Designated Initializers

Designated Initializers are a long-wanted feature of the language somehow borrowed from C. Consider the following class:

struct position { int x; int y; int z; };

Before this feature, there were many ways to initialize an instance of position, but none of them were really explicit. As an example, because this is an aggregate type, we can use aggregate initialization:

position pos{100, 0, 200};

It looks good, but our colleagues don't know how the type is structured and, therefore, don't know what member is being set to 100. Moreover, we would like to default initialize y rather than explicitly specify its value. Designated initializers make this possible for classes and unions:

position pos{ .x = 100, .z = 200 };

This syntax is easier to read for someone who hasn't written the class. It's also more concise because we can ignore the members for which default initialization is fine. Designated initializers in C++ are less powerful than their counterparts in C. The former doesn't support out-of-order initialization and don't work with arrays. Despite this, it's something I bet we'll see used all over a codebase.

Spaceship Operator

Have you ever made a class comparable? Every seasoned C++ developer has done it at least once and knows what a pain it may sometimes be.

In C++, this is as powerful as it is cumbersome. These are the operators to define:

struct clazz {
  bool operator==(const clazz &) const;
  bool operator!=(const clazz &) const;
  bool operator<(const clazz &) const;
  bool operator<=(const clazz &) const;
  bool operator>(const clazz &) const;
  bool operator>=(const clazz &) const;

  // ...

private:
  int value;
};

Most of the time, they are trivial, and to avoid redundant code, we make them depend on each other:

bool operator!=(const clazz &other) const { return !(*this == other); }

However, imagine a class that only contains a couple of integers. All I want is to have these operators autogenerated in such a way that the data members are compared in the order they are defined. This is where the spaceship operator enters the game. As usual, however, since it's C++, the committee wasn't satisfied with this and did much more!

With a single operator (that we can even default as in = default), we can generate all relational operators for a type at once:

struct clazz {
  auto operator<=>(const clazz &) const = default;

  // ...

private:
  int value;
};

When the default semantics isn't enough, we can also enforce a different one by giving a different definition for the spaceship operator. Whether we want to compare members out of order or define a weak order among our instances, it's possible, and we'll end up writing way less code than what we did so far.
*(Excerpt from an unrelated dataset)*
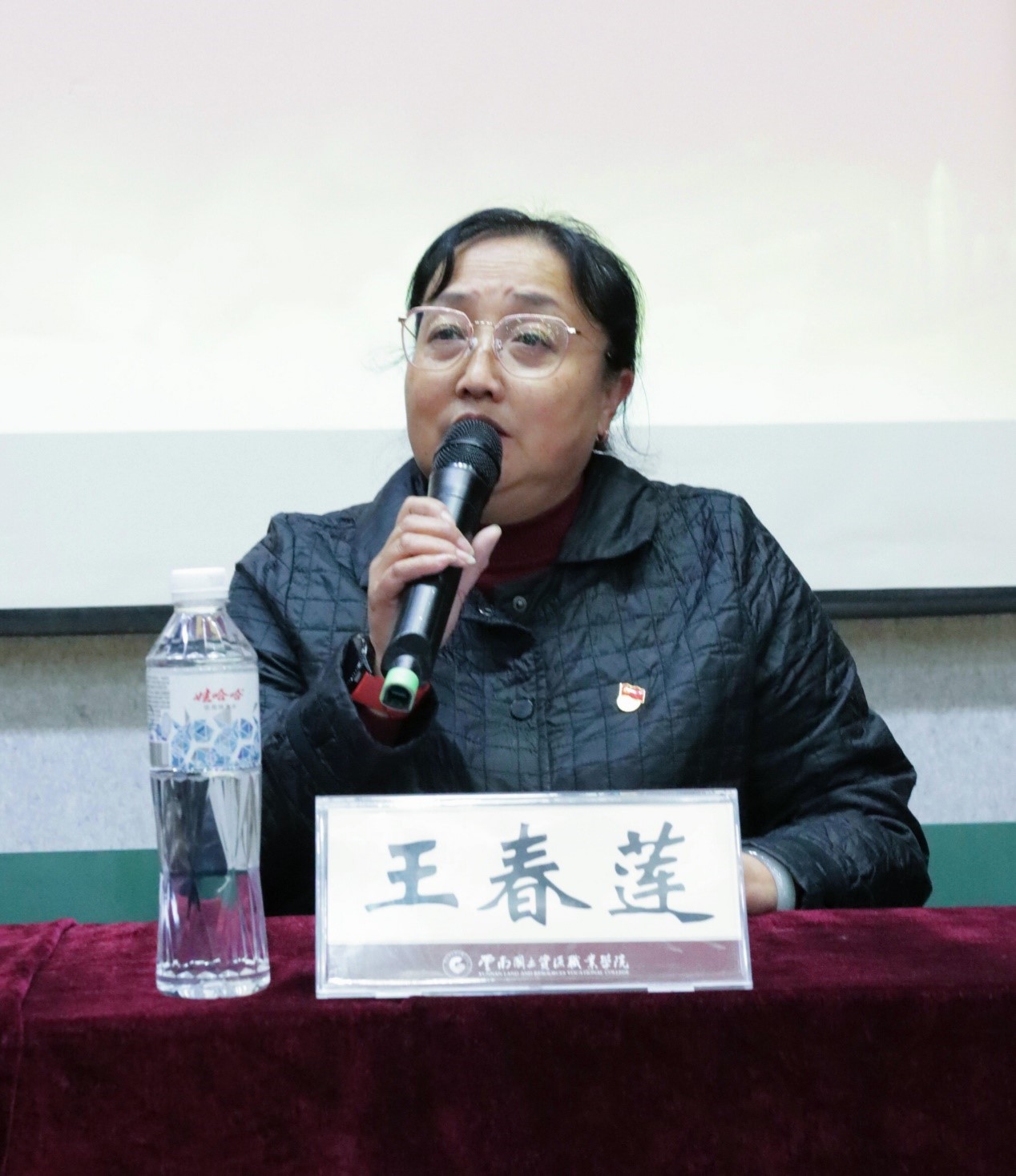 第二项议程:机电工程学院党总支书记王春莲致辞。她希望全体学员深刻认识“青马工程”的内涵气质和现实意义,认真完成本期培训的每一次学习、实践和研讨;坚持理论联系实际,理论指导实践,在学中做,在做中学,更好更快的成长为一名坚定的青年马克思主义者。

This is an example taken directly from one of the online references for the C++ language:

struct case_insensitive_string {
  std::weak_ordering operator<=>(const case_insensitive_string &other) const {
    return case_insensitive_compare(str.c_str(), other.str.c_str());
  }

  // ...

private:
    std::string str;
};

The default comparison operator for an std::string lexicographically compares two strings and therefore isn't suitable for our purposes. By defining a custom operator, we get around the limitation and still force the generation of all relational operators. By returning an instance of std::weak_ordering, we also tell the compiler (and the reader, of course) that all values are comparable but equivalent values may still be distinguishable (imagine what happens for the strings "foo" and "FOO").

All in all, it is possible to express a very complex concept that includes all relation operators in just three lines of code. This is a time-saving feature that is worth a try.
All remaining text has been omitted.